In an ideal world, it will maintain your price preferences across sessions.
Something like, for example, knowing my preferred seat on a flight is "frontmost available (non-premium) aisle seat unless the layover is very tight, in which case, frontmost seat period"... that would be amazing and truly useful.
I don't think my price preferences (for flights or really much of anything else) can be boiled down to an algorithm. There are so many factors. What other travel do I have planned around the same time? Have I had a slew of crappy flights lately and want to treat myself? What am I going to be doing the day I arrive and depart (e.g. do I need to be rested enough to go right into meetings, or do I have a while to get settled?)? Am I flying on business or for pleasure?
I'm not sure I can even articulate all of the factors that go into my decision on what flight to purchase, but I wouldn't be surprised if there are hundreds of them over the course of a year...
You could capture one or more ML features for every one of your questions above, plus hundreds more and add the features that define who you are within their customer population. Then the challenge becomes getting the right model and enough data to train it so that 98% of the time it chooses what you would have chosen. Just keep in mind that, if I have enough information to predict which flight you will take, I have enough information to predict who you are voting for, when you are joining a protest, which is the lowest salary you are likely to accept, hell maybe even enough to predict which opportunities to commit a crime you are likely to take... so, here is to hoping that figuring out which flight we want to take remains unreliable.
I always imagine that these services are supposed to serve as the "automation put me out of a job" of the full-time personal assistants had by the wealthy.
In that role, it's usually the assistant's job to present a selection that's sorted by optimality on axes of both quality and price (and arrival time, reliability, packaging options, etc.) Properly done, this means that you should almost always be "defaulting" to the first option presented; rarely switching to the second or third (and there only really needs to be two or three) when there's something in particular that stands out about them despite them optimizing lower.
When described this way, it's clear that this is a much harder job than just doing fancy language recognition.
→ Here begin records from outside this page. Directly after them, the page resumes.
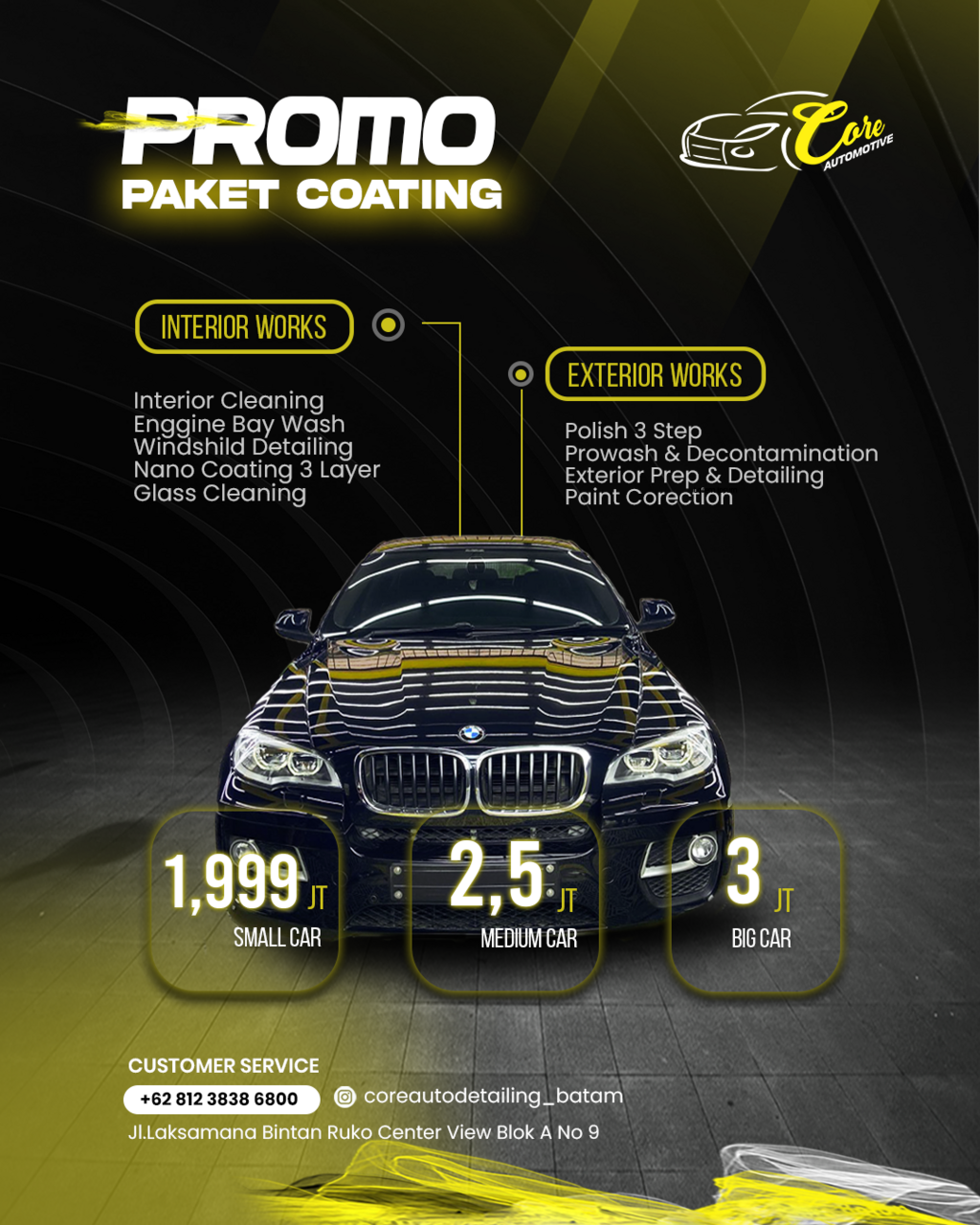Setiap detail kecil mencerminkan kualitas besar itulah komitmen Core Auto Detailing.
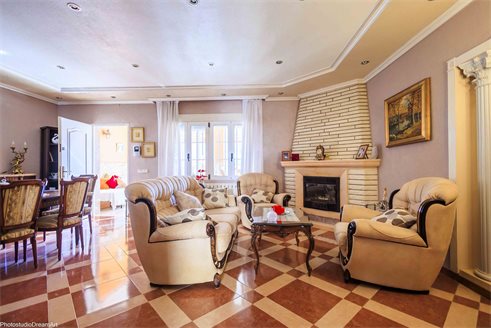 Semi-detached villa for sale with swimming pool and garage near the beach of Cabo Roig.The villa stands on a plot of 510m2 and has a fantastic outdoor area: garage for 2 cars, a swimming pool with slide, outdoor kitchen with barbecue, a veranda, sun and seating areas, storage space, etc. The villa has 5 bedrooms, 2 bathrooms, a guest toilet, a separate fitted kitchen with dining area and a door to the outside and a livingroom with fireplace. A/C and ceiling fans.The beautiful beach of Cabo Roig is only 1,3km, 3km to the golf course and 1,5km to the popular shopping center La Zenia Boulevard. All possible amenities nearby.
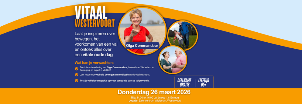 Tijdens Vitaal Westervoort ontdekken 65-plussers uit Westervoort hoe leuk, belangrijk én eenvoudig het kan zijn om vitaal ouder te worden. Het programma zit boordevol inspiratie, praktische tips en vooral veel beweging. Met een interactieve lezing van Olga Commandeur, een uitgebreide vitaliteitsmarkt en een energieke beweegclinic is er voor iedereen iets te beleven.
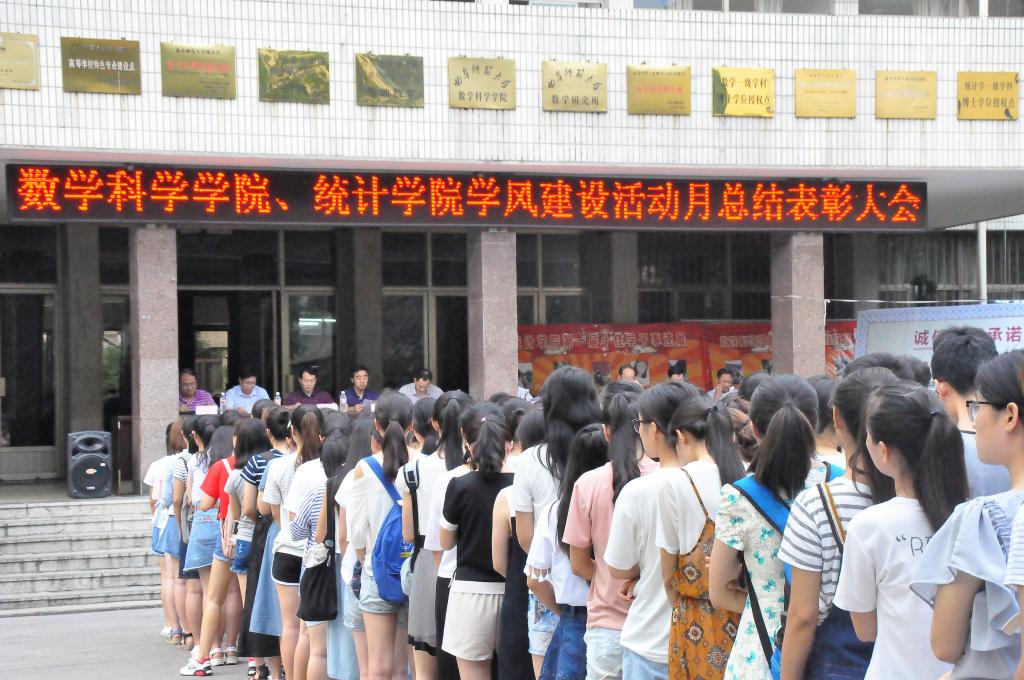 、统计学院在数学系楼前隆重举行2017年上半年学生建设活动月总结表彰大会,副校长辛杰、教务处、学生工作处、团委、性爱网站
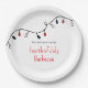 Patriotic 4th of July paper plates, with a red white and blue string lights design. With red and blue customisable typography lettering, you add your own information. A festive addition to your summer barbecue party supplies.

An AI personal assistant has to know what you care about—what weights you put on various optimization criteria—without you having to explicitly specify them. Presumably it would be an online learning system, and screw up a bit at first.
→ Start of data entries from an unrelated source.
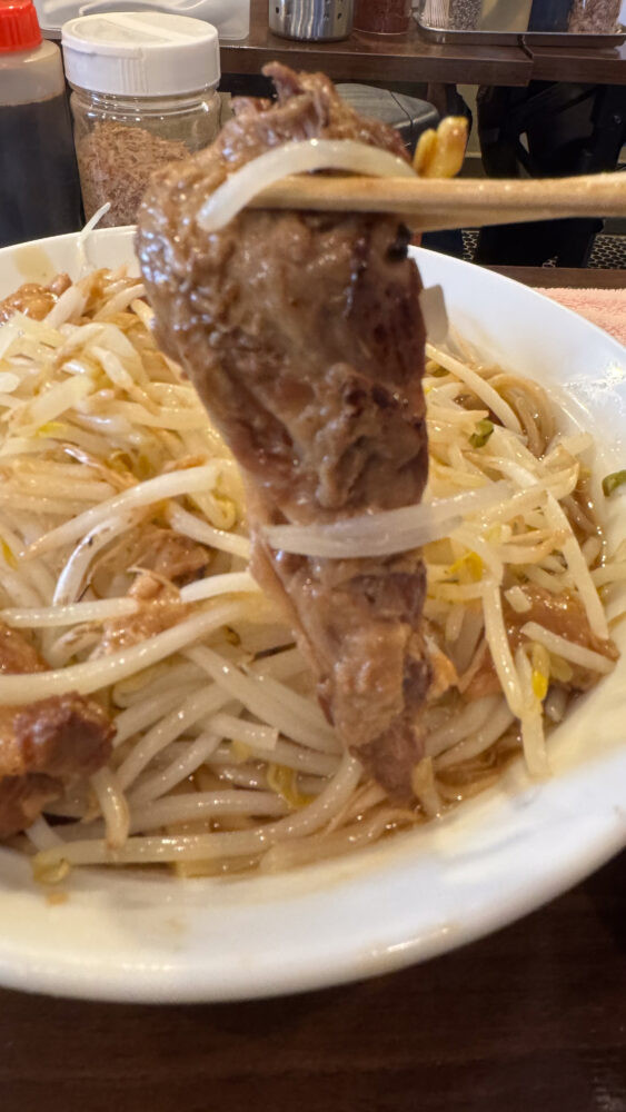 ▲二郎系で珍しいソーキ。炙ってあるので香ばしい。ムッチリとコリっと感が混在する不思議な食感。
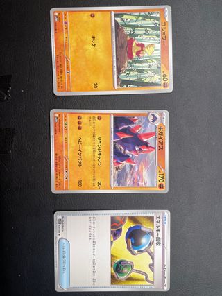Lote de 3 cartas Pokémon. - Carta 1: エネルギー回収 (Energy Retrieval) - Carta de Entrenador (Trainer) - 079/086 - Carta 2: コジョフー (Cofagrigus) - 049/086 - Carta 3: ギガイアス (Gigalith) - 045/086
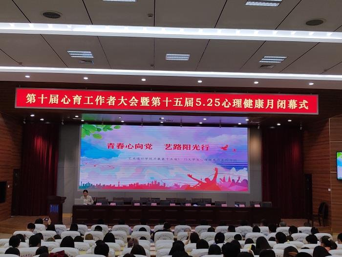 6月8日,学校第十届心育工作者大会暨第十五届5.25心理健康月闭幕式在学术报告厅进行。学校党委副书记、纪委书记朱光应,各学院党团总支书记、辅导员、心理素质发展中心的全体老师和心理健康委员等全体心育工作者参加了大会。朱光应为闭幕式作了热情洋溢的致辞,高度肯定了心理育人工作的重要性,并向为5.25心理健康月活动付出辛勤劳动的老师和同学表示诚挚的谢意。学校党委委员、学生工作处处长、团委书记郑伟回顾了本届心理健康月系列活动的开展情况。随后,大会为在系列活动中获奖的单位颁奖,并为太阳花心理志愿者协会成员颁发聘书。信息与人工智能学院和艺术设计学院荣获本届心理健康宣传月组织工作一等奖;心理专员许明星和洪凤作主题发言,并向与会的心育工作者总结分享了本学院心理宣传活动的开展情况,为心育工作提供了新的视角。
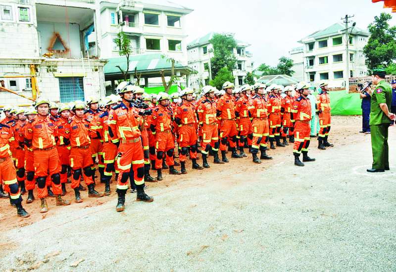 မြို့ပြရှာဖွေကယ်ဆယ်ရေးအဖွဲ့ (Medium Urban Search and Rescue Team) ဖွဲ့စည်းရန်ရည်ရွယ်၍ မေ ၁၂ ရက်မှ ဩဂုတ် ၁ ရက်အထိရက်သတ္တ ၁၂ ပတ်ကြာ စုဖွဲ့လေ့ကျင့်လျက်ရှိသော ပြည်ထဲရေးဝန်ကြီးဌာန၊ မီးသတ်ဦးစီးဌာနမှ အထူးရှာဖွေကယ်ဆယ်ရေးတပ်ဖွဲ့ဝင် ၁၀၀ တို့သည် ယမန်နေ့က ဇမ္ဗူသီရိမြို့နယ် ဗလသိဒ္ဓိရပ်ကွက်၌ ငလျင်ဘေးအန္တရာယ်ဆိုင်ရာ လက်တွေ့ကယ်ဆယ်ရေးလေ့ကျင့်ခန်းများ ပြုလုပ်ဆောင်ရွက်ခဲ့ရာ ပြည်ထောင်စုဝန်ကြီး ဒုတိယဗိုလ်ချုပ်ကြီး ထွန်းထွန်းနောင် တက်ရောက်ကြည့်ရှုအားပေးပြီး လိုအပ်သည်များမှာကြားကာ ဂုဏ်ပြုဆုငွေများချီးမြှင့်ပေးအပ်ခဲ့သည်။
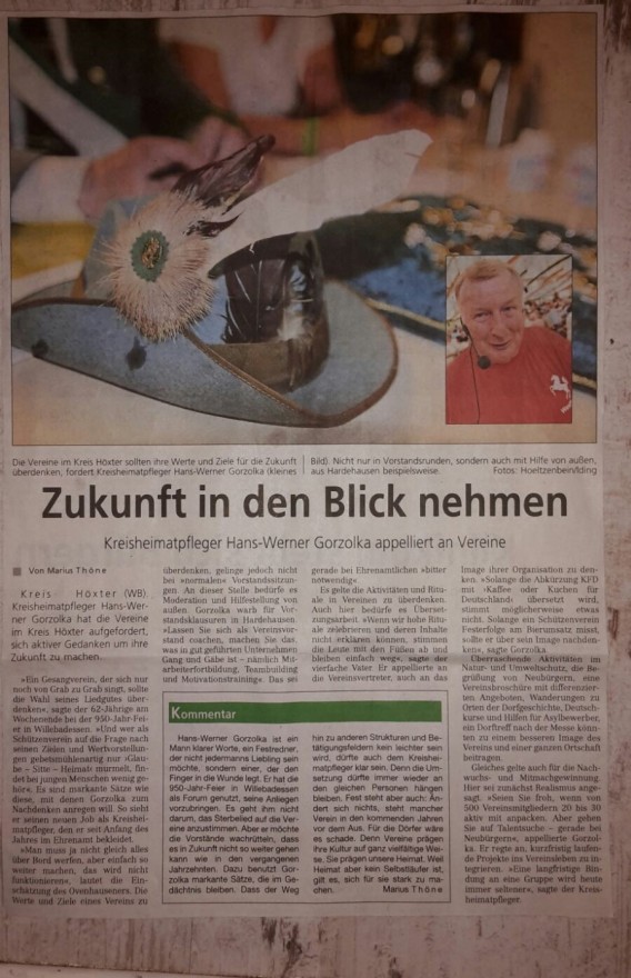 Nun warnt der Kreisheimatpfleger Hans-Werner Gorzolka mit seinem Bericht in der Westfalen-Blatt vom 01.09.2015 vor einer Negativ- entwicklung in den Vereinen, welche die Vierte Kompanie ebenfalls befürchtete und mit ihrem Antrag "Projekt Zukunft" entgegenwirken wollte.
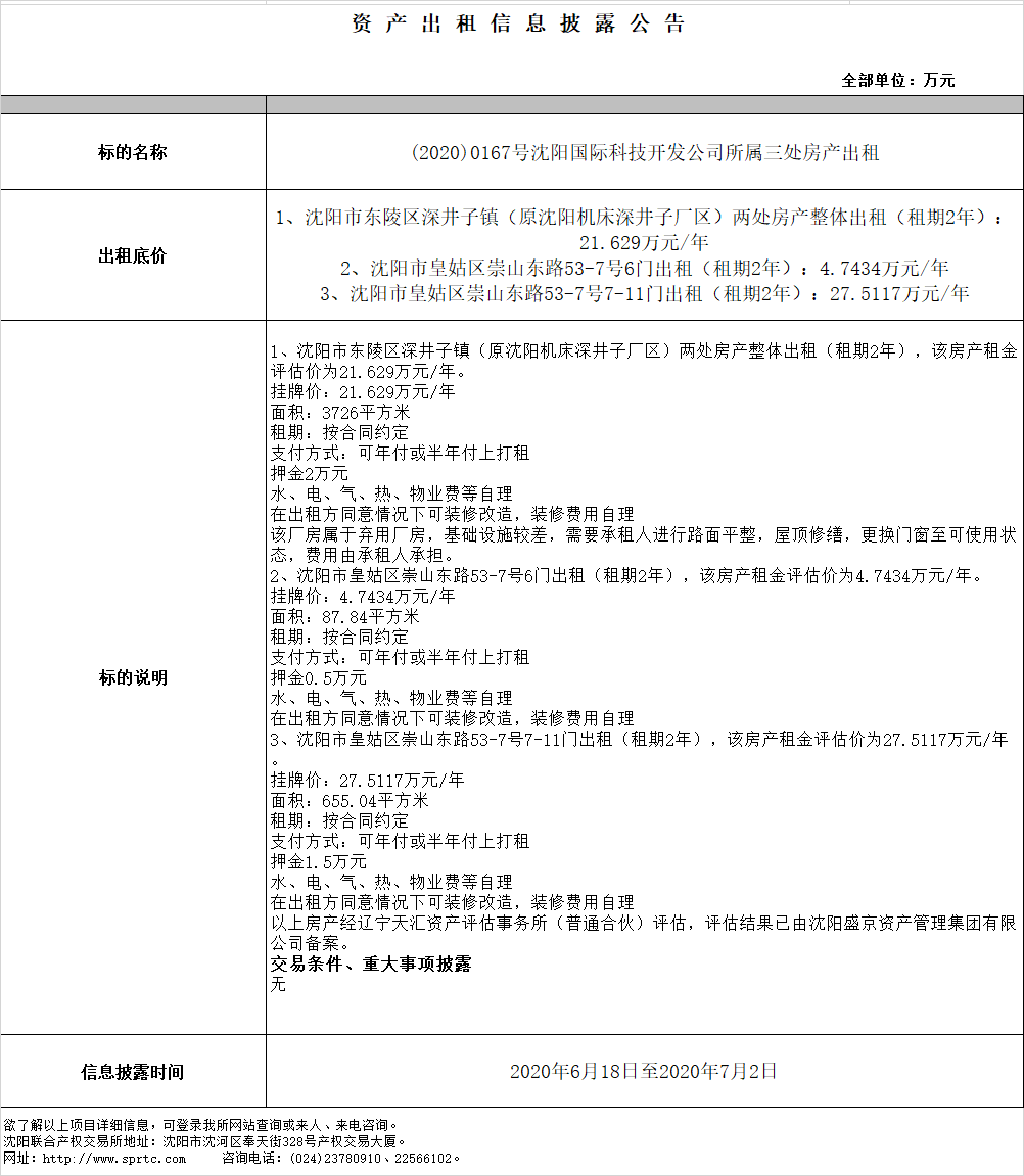(2020)0167號(hào)沈陽國(guó)際科技開發(fā)公司所屬三處房產(chǎn)出租

I think the key in such systems is how they'd behave before being trained by lots of individual preference data over time, though. Hopefully it could "guess" at some initial preferences in a good way. (Maybe by taking all the preferences of every other user, putting your sparse preference-set as a point in that preference space, and then seeing how you cluster: effectively "stereotyping" you based on its other "employers.")
On another tangent, one thing I haven't seen built into any such system yet is the "active academy model" mentioned here (https://scifiinterfaces.wordpress.com/2014/06/24/course-opti...). One of the criteria you'd expect a PA to optimize for in their employer is patience. Rather than staying with an initial optimization-problem solution, if the answer is not time-sensitive, one can continue to search the solution-space for new, better solutions that might crop up (involving things that maybe didn't even exist at the time the question was first asked.) If given two weeks to book a hotel room, there might be a good hotel room on the market now, but a better one on the market later. There are very complex questions involving the costs of reserving and then cancelling reservations to re-book, or holding off on reserving and maybe never finding anything better and running out of time.
For physical goods, there is even the possibility of an "indefinite optimization problem"—if I tell my PA to "buy me a top-of-the-line computer", then presumably I want my computer to continue being top-of-the-line unless otherwise noted, and this will require constant weighings of various components' or configurations' depreciation-rate, market-liquidity, employer's opportunity-cost for maintenance time, etc. All the questions a major corporate IT "buyer" employee considers, behind the facade of a single innocent request.
I guess this would still work if you can just say: give me a hotel in the prices range of... with a good rating. Surely the result wont be as good as manually digging out not yet discovered great hotels, but it might still be satisfactory
I think one thing missing from these interactions is the idea of conversation. Let me elaborate. Distilling complex tasks into a single query yields complex queries. Drill down with simple initial query requires manual input from provided results. If there was some short term memory as part of the conversation we could potentially arrive at a much clearer intent.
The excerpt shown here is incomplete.